İş dünyasında ise  sık sık karşılaştığımız  ben egosu,  özgüvenle yakından ilgili. Egosu kabarmış gururlu insan; hayata, olaylara, insanlara, objektif bakamaz. İşlerde terslik olursa çözmek yerine bağırıp çağırmayı tercih eder. Mantığıyla değil egosuyla karar verir. Birlikte çalıştığı insanlar veya ekipler ile sürekli çatışma içerisinde olur. Zamanla,  iş yerinde aynı amaç uğruna çalışan insanlarda rekabet duygusu artmaya başlar. Böyle olunca da aynı çatı altında kutuplaşmalar baş gösterir.

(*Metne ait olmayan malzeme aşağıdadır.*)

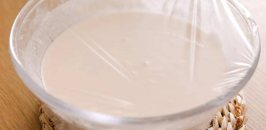 3.盖上保鲜膜,发酵至两倍大。(Tips:可以第一晚冷藏发酵,第二天就可以直接做)
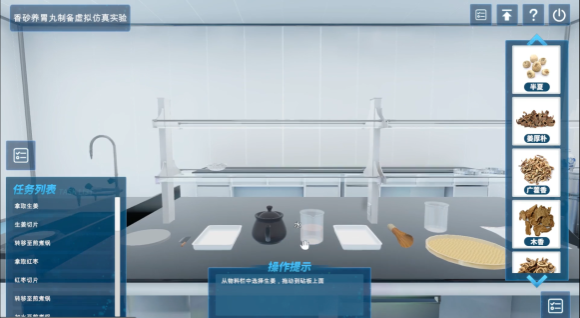 通过高自由度模式制作实验场景,模拟香砂养胃丸的实验室制备过程。在虚拟实验室场景中通过交互操作,实现药材配方的抓取、煎煮、粉碎过筛、制丸等全过程的操作,同时结合视频操作教学,帮助学生可以更加直观和快速的学习整个制备过程。
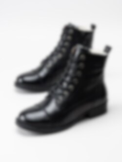 Ten Points - Pandora - Svarta ullfodrade kängor i skinn
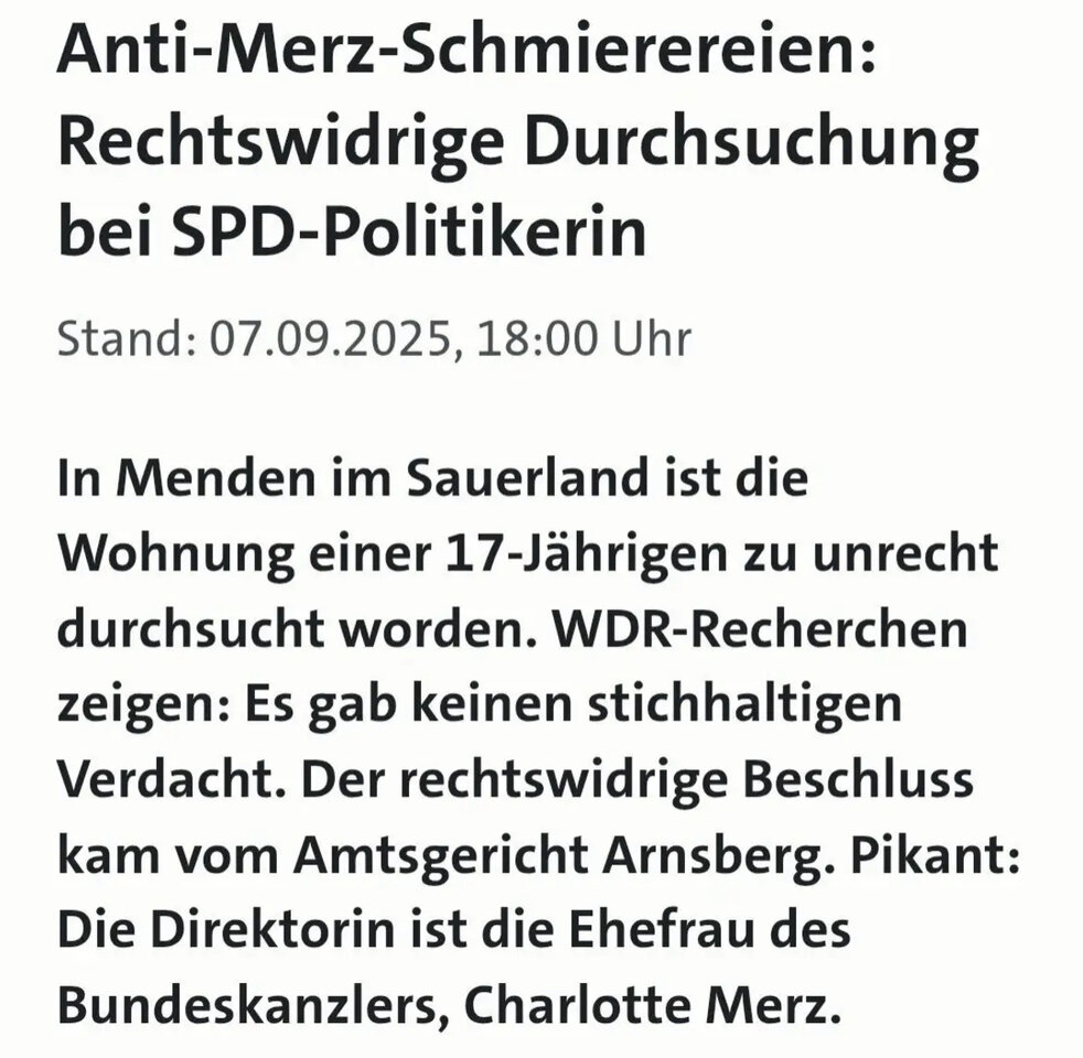 Wegen Merz-kritischer Graffiti ist das Haus einer 17-Jährigen durchsucht worden. Genehmigt wurde das laut dem WDR durch ein Gericht, dem Merz' Ehefrau vorstehen soll.www.zeit.de

Egosu yüksek kişi, bazı başarılara imza atabiliyor ama bu sınırlı kalıyor. Çünkü bu kişilerin egosu, su yüzüne çıktığında ekip çalışmasına uyum sağlayamadıkları için bir süre sonra başarı grafikleri düşüyor. Onun için iş hayatlarımızda egomuzun bizi esir almasını engelleyerek, takım ruhunu yaşatarak, çok daha insani ve büyük başarılara kucak açmak mümkün.

Ego sağlıklı kullanıldığında ancak,  birey özgüveni yerinde davranışlar sergileyebilir, ne tamamen duygularının esiri olur ne de tamamen dışa bağımlı ve yönlendirilmeye açık bir kişilik.

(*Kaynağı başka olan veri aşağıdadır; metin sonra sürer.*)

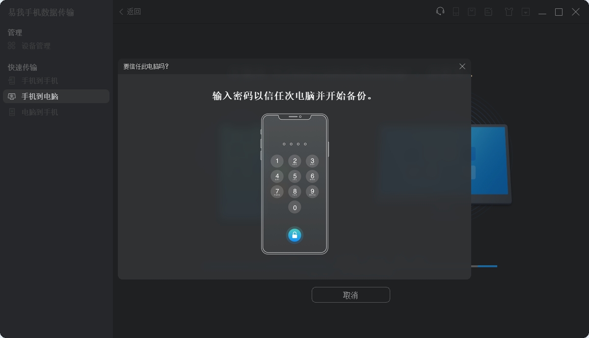步骤3. 选择您想传输的文件类型,选择好之后,点击「传输」,再输入密码以信任此电脑并开始备份。
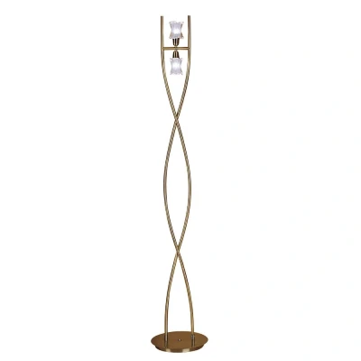The Alaska Floor Light showcases an elegant antique brass finish with two lights to brighten your living space. Its stylish design features frosted shades that provide a warm and inviting atmosphere.
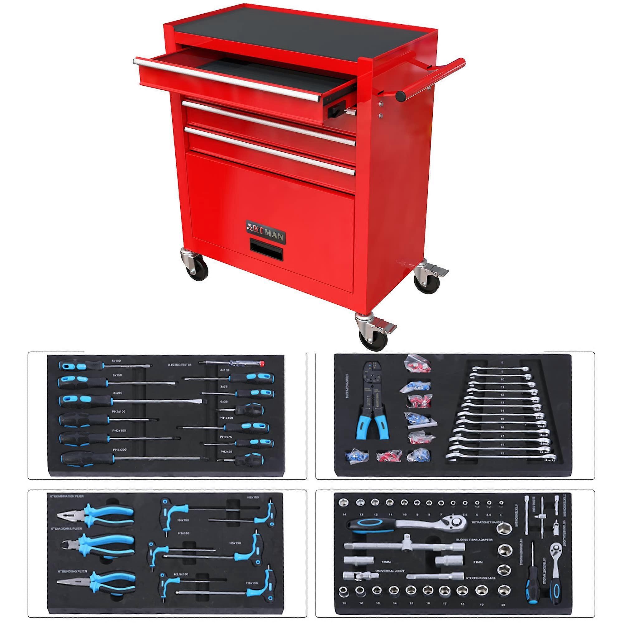 Red 4Drawer Rolling Tool Cabinet with Wheels, Durable Steel Tool Chest for Garage Mechanics

Sahip olduğumuz egoları başkasına üstünlük aracı olarak değil de dengeli bir özgüven aracı olarak kullandığımızda ilişkilerimizin daha olumlu gideceğini görebiliriz.

Bir kurumun çalışanlarında egoyu kontrol altına alabilmek ve departmanlar arasında oluşan gerginlikleri ortadan kaldırabilmek için  öncelikle biz duygusunun işletme için ne kadar önemli olduğunu vurgulamamız gerekir. Hem o zaman egosu yüksek olan bazı çalışma arkadaşlarımızın var olan egolarını daha sağlıklı yönetmelerini sağlayabiliriz.

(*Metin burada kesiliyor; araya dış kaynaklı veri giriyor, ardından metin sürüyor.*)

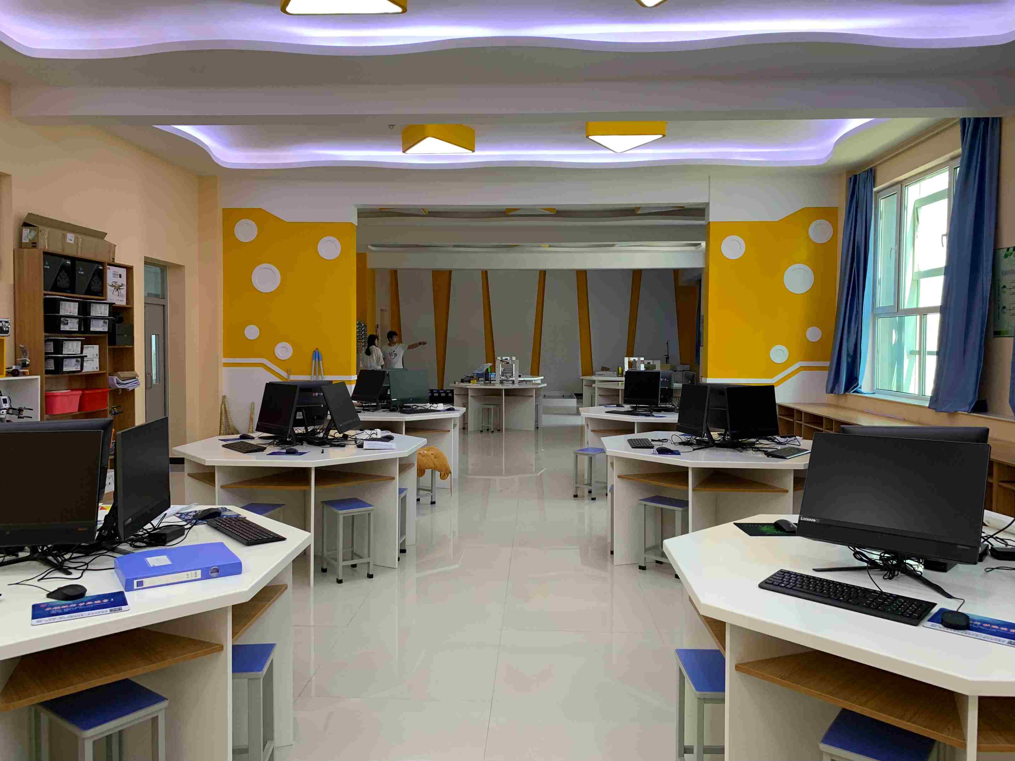 阿斑兔將機(jī)器人、創(chuàng)客、3D打印、航模等融為一體,研發(fā)、設(shè)計(jì)具有情景體驗(yàn)、創(chuàng)意生成、原型制作、展示交流等多功能為一體的機(jī)器人教育教學(xué)場所,即創(chuàng)新教育實(shí)驗(yàn)室,針對不同年齡段學(xué)生的特點(diǎn)、學(xué)校學(xué)情等,為其提供足夠的空間、設(shè)備和完善的課程體系。
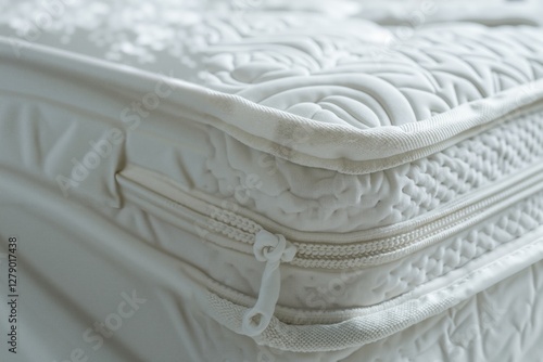 © Evarelle, Naklejka premium Close-Up of a White Zippered Mattress with Intricate Patterns and Textures
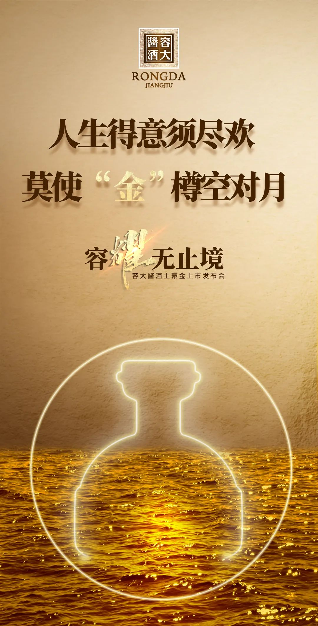 這是容大醬酒的手筆。4月下旬,容大醬酒戰(zhàn)略新品即將上市。樸實(shí)的宣傳語,透露出其口糧醬酒的市場(chǎng)定位;奢華的土豪金顏色,又給人無限遐想,讓人對(duì)其品質(zhì)有了更多期待。
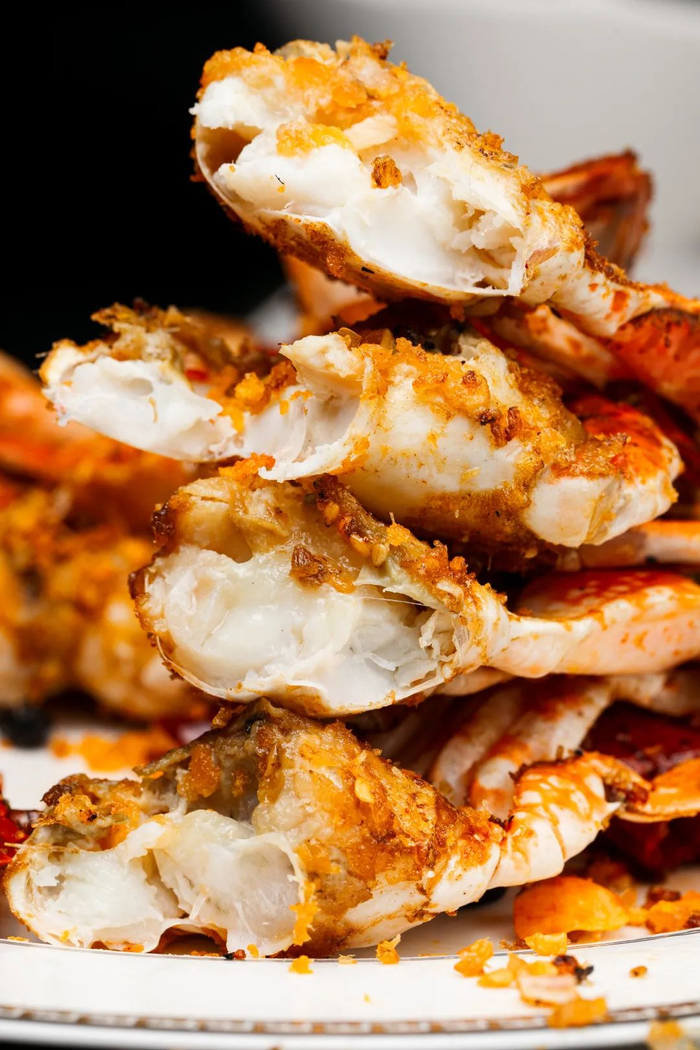 还能吃到跟小手臂一样大的皮皮虾,椒盐做法,里面满满的橘黄色的膏,吃上两只都要饱了。
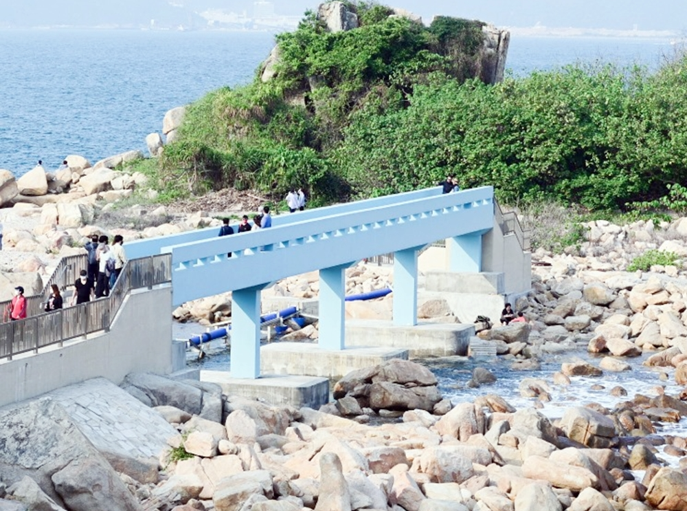 連接石澳後灘與大頭洲藍橋又名「情人橋」,在2018年被超強颱風「山竹」完全摧毀,令市民大為痛心。政府去年3月刊憲修復藍橋,事隔多時,石澳泳灘終正式重新開放,供遊客前往遊玩「打卡」。

Şirketlerde en sık yaşanan çatışmalar, genellikle departmanlar arasında olur. Her bir departman sanki kendi cumhuriyetini ilan etmiş gibidir. Herkes kendi departmanından arkadaşlarıyla yemeğe gider, özel gün ve gecelerin amacı, çalışanları kaynaştırmak olduğu halde, yine aynı departmanlarda çalışanlar birbirleriyle oturup yemek yemeyi tercih eder bazen de mecbur kalır. Bunun en bariz örneğini ise, şirketlerin özel yemeklerinde bir masada oturan genellikle sadece erkeklerden oluşan teknik ya da idari personel çalışanlarında görebiliriz.

Şirketlerde biz bilincini oluşturabilmek için çalışanların bir ekip olduklarını ve bu bilinçle hareket etmeleri gerektiğini vurgulamamız gerekir. Adımlardan ilki,  çalışanlarımıza “İş Yerinde Biz Bilinci ve Kurum Kültürü”  eğitimini aldırarak, eğitimde yapılan pek çok uygulamayla onların biz olabilmenin farkına varmaları sağlanabilir.  Şirketin her bir departmanı bir zincirin halkası gibidir. Birinde yaşanabilecek bir aksama ya da hata tüm departmanları olumsuz etkileyecektir.

Özellikle üretim yapan şirketlerde bir bantta yaşanan aksamanın üretimi ve şirketin diğer departmanlarını nasıl etkilediği konusunda sayısız örnekler verebiliriz.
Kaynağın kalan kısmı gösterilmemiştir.